From now on, the >>>/rec/ board should generally be used for conversations about recovery from NEETism. This is not a hard rule but you are likely to have a better experience.

Seeing as absolutely everyone misread the /hikki/ rules sticky and used it to draw apocalyptic conclusions about the death of all that was good about /n/, here's a less flippant sticky with less room for ambiguity, in the form of a Q&A. We've also made some concessions based on your feedback in thread >>13, which was moved to /sugg/ for being meta.

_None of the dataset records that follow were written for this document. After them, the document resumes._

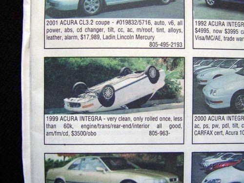 インテグラがひっくり返っていますねw。この広告を出した会社ではけっして事故車を扱ってはいませんw
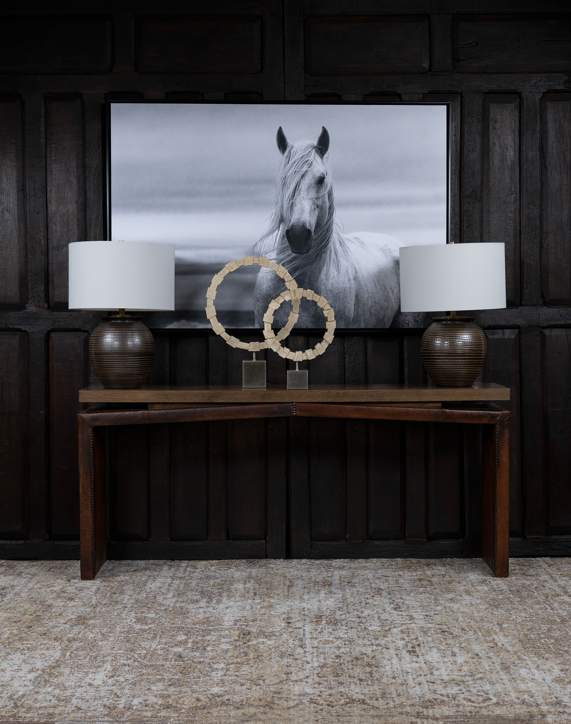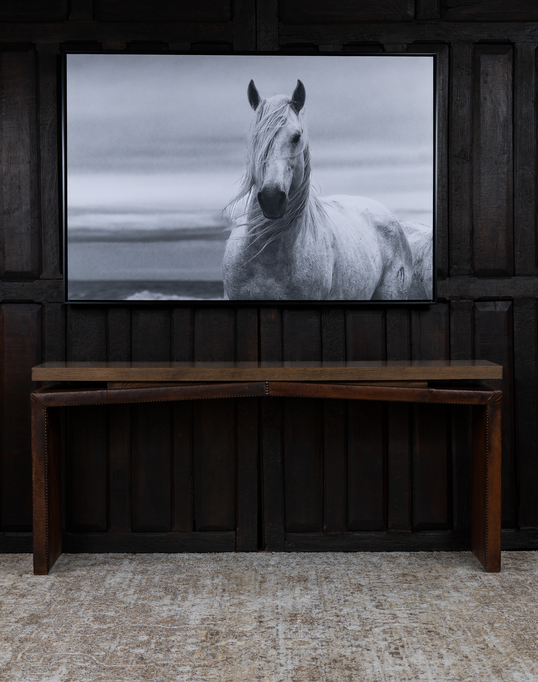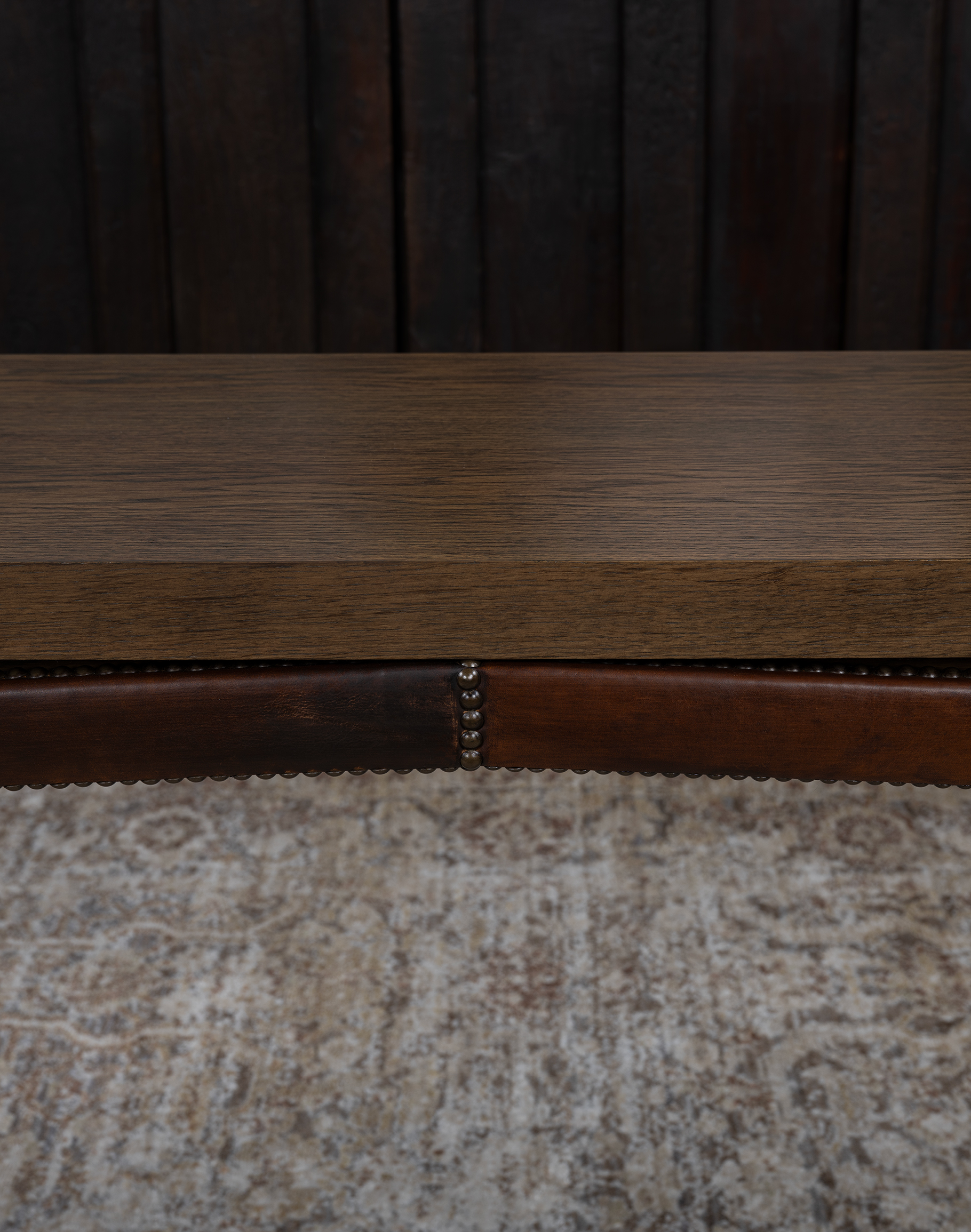 Elevate your living space with the Larson Leather Sofa Table, a refined statement piece that effortlessly blends into sophisticated Western interiors. Its rich textures, architectural form, and tailored detailing make it an ideal addition to our Urban Ranch, Classic Ranch, and Refined Ranch collections. Designed to command attention without excess, the Larson balances clean lines with heirloom craftsmanship.
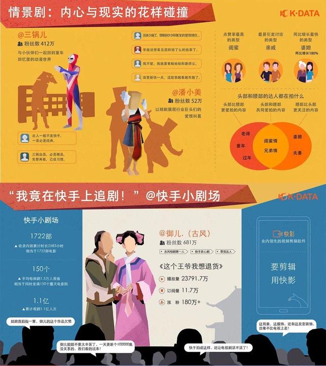 2019年4月,快手APP上线“小剧场”板块,用户上传短剧时带上标签就有机会被剧场收录,该板块界面内包含精选、恋爱、动漫、搞笑、美食圈等分类,以及今日最热榜和最新好剧榜;4个月后,快手为其平台内的短剧内容专门上线独立APP“追鸭”,以进一步整合短剧内容。 据快手大数据研究院发布的《2019快手内容生态报告》显示,快手小剧场已收录1722部情景剧,累积观影人次高达1.1亿,平均每部有1.5万人观看,相当于同时坐满150个露天电影。

What is allowed on this board? What is its purpose?
On this board you can discuss and request or give advice regarding NEETism, Hikikomoriism, anxieties and social or mental issues arising from these conditions of living, and things closely related to these topics. If you're content with being a NEET at this stage in your life, that's ok, and you won't get in trouble for saying so. The board's primary focus is self-help and advice regarding these issues. Despite rumors, threads looking for help with suicidal feelings or drug addition are also allowed.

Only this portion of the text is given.